Il sindacato dell’Arma biasima la sentenza
La notizia dell’ulteriore riduzione di pena per Gabriele Natale Hjorth, condannato in via definitiva per il brutale omicidio del vicebrigadiere Mario Cerciello Rega, ha suscitato un’ondata di sconcerto e indignazione. A esprimere il proprio sgomento è il SIM Carabinieri, la più numerosa associazione sindacale dell’Arma, che con un comunicato sottolinea quanto la nuova sentenza appaia lontana da quel senso di giustizia invocato da anni non solo dai colleghi, ma da milioni di cittadini.
La nuova condanna, ridotta a 10 anni, 11 mesi e 25 giorni, sottrae altri cinque mesi rispetto alla precedente decisione della Corte d’Appello bis. Una scelta che, per molti, lascia un senso di amarezza e di frustrazione, soprattutto tra le donne e gli uomini in divisa che ogni giorno affrontano rischi enormi per la sicurezza del Paese.
“Un colpo per chi serve lo Stato ogni giorno”

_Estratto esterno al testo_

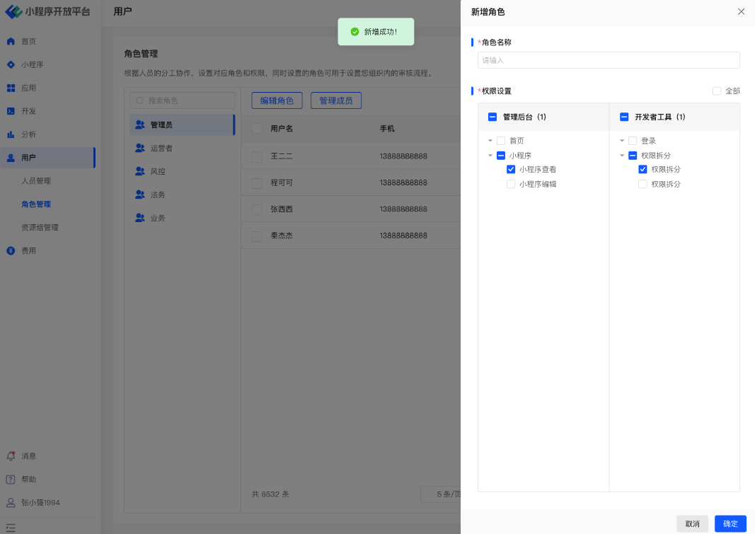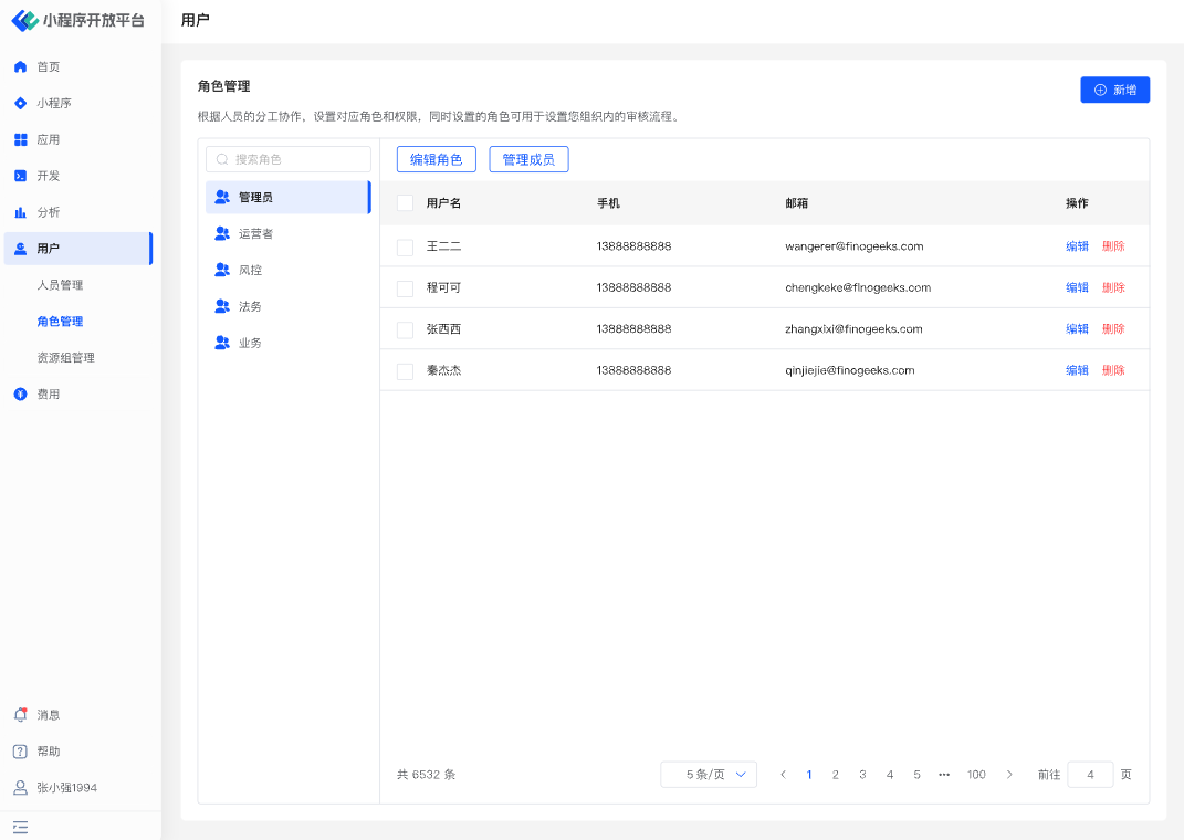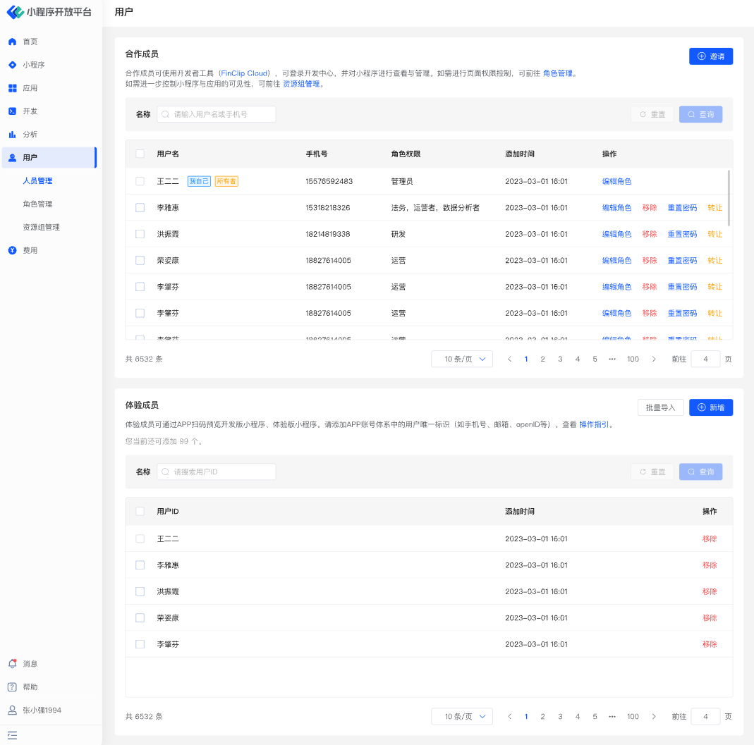 当您登录 FinClip 小程序开放平台管理系统后,可对您当前团队中的成员与角色进行配置。成员管理主要用于配置当前团队中协同开发与运营的人员,角色管理则可以根据人员的分工协作,设置角色,权限与审核流程。

“Mario Cerciello Rega è stato assassinato brutalmente a coltellate mentre svolgeva il proprio dovere, al servizio dello Stato e dei cittadini”, ricordano dal SIM Carabinieri. “Di fronte alla violenza di quell’omicidio, l’ennesimo abbassamento della pena trasmette un segnale disorientante per tutti coloro che, in uniforme, mettono quotidianamente a rischio la propria vita per la sicurezza collettiva”.

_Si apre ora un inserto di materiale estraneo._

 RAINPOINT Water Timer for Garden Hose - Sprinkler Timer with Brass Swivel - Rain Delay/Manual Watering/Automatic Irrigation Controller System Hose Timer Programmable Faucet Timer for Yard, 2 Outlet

Il vicebrigadiere Cerciello Rega, 35 anni, venne ucciso nella notte tra il 25 e il 26 luglio 2019 a Roma, durante un servizio in borghese. Colpito con 11 coltellate, non ebbe scampo. L’episodio scosse profondamente l’opinione pubblica italiana, diventando simbolo del sacrificio e della fragilità di chi opera in prima linea contro la criminalità.
Vicinanza a vedova e famiglia del vicebrigadiere
In un momento così delicato, il SIM Carabinieri ribadisce il suo sostegno incondizionato a Rosa Maria Esilio, vedova di Mario Cerciello Rega, e a tutta la sua famiglia: “Sono vittime anche loro di una ferita che il tempo e la giustizia, ad oggi, non sembrano ancora in grado di sanare”.

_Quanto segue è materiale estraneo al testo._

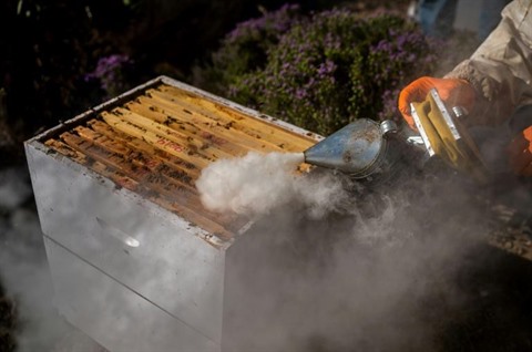 | Un travailleur social utilise de la fumée pour endormir les abeilles d'une ruche de la ferme agricole "La Caserma des herbes". |
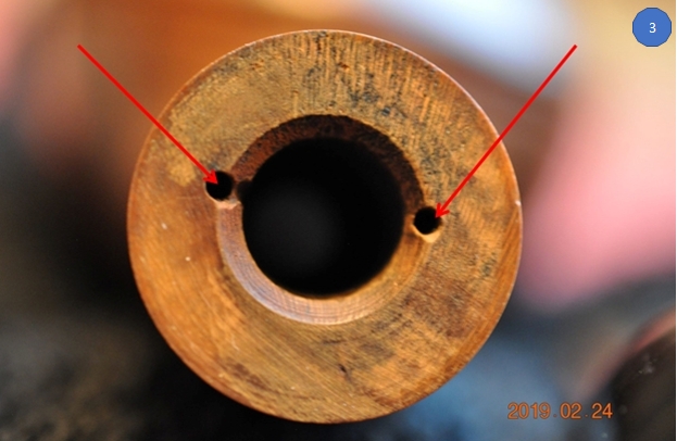 Every so often my brother and I come across very unique pipes that are worth restoring just for the thing that makes them particularly notable. Each pipe that falls into this category has its own uniqueness that sets them apart as different. These unique pipes come to us from a large variety of different sources and the one I am working on now came to me from a reader of rebornpipes. Christine contacted me to see if I would be interested in purchasing her Grandfather’s pipes and restoring them. She was particularly interested in seeing what I could do with a Vottis pipe that he had. She sent me photos of the lot and we struck a deal. Over the years I have worked on several Vottis pipes coming from different sources. But this Vottis pipe from Albany, New York is not like anything I have ever seen before. I am including some photos to show the system. There is an air hole (not big) on each side of the shank near the bowl (Photos 1 and 2). These run parallel to the airway and come out on either side of the mortise (Photo 3). The stem is drilled with the same two small channels that run the length and out the button on either side of the slot (Photos 4 and 5). The red arrows in each photo point to the airways that I am referring to throughout the blog.

Il sindacato assicura che resterà vigile “perché la memoria di un servitore dello Stato non venga offesa o sminuita”. Un impegno che si traduce nel continuare a dare voce al disagio e all’indignazione di migliaia di carabinieri e cittadini che si sentono traditi da una giustizia percepita come distante dalle aspettative di equità.
Una ferita ancora aperta
La vicenda giudiziaria legata all’omicidio Cerciello Rega ha visto negli anni un susseguirsi di sentenze e riformulazioni delle pene. Una dinamica che, seppur legittima sul piano giuridico, alimenta il dolore di una comunità che da quel 26 luglio 2019 non ha mai smesso di chiedere giustizia per un uomo che ha perso la vita mentre faceva semplicemente il proprio lavoro.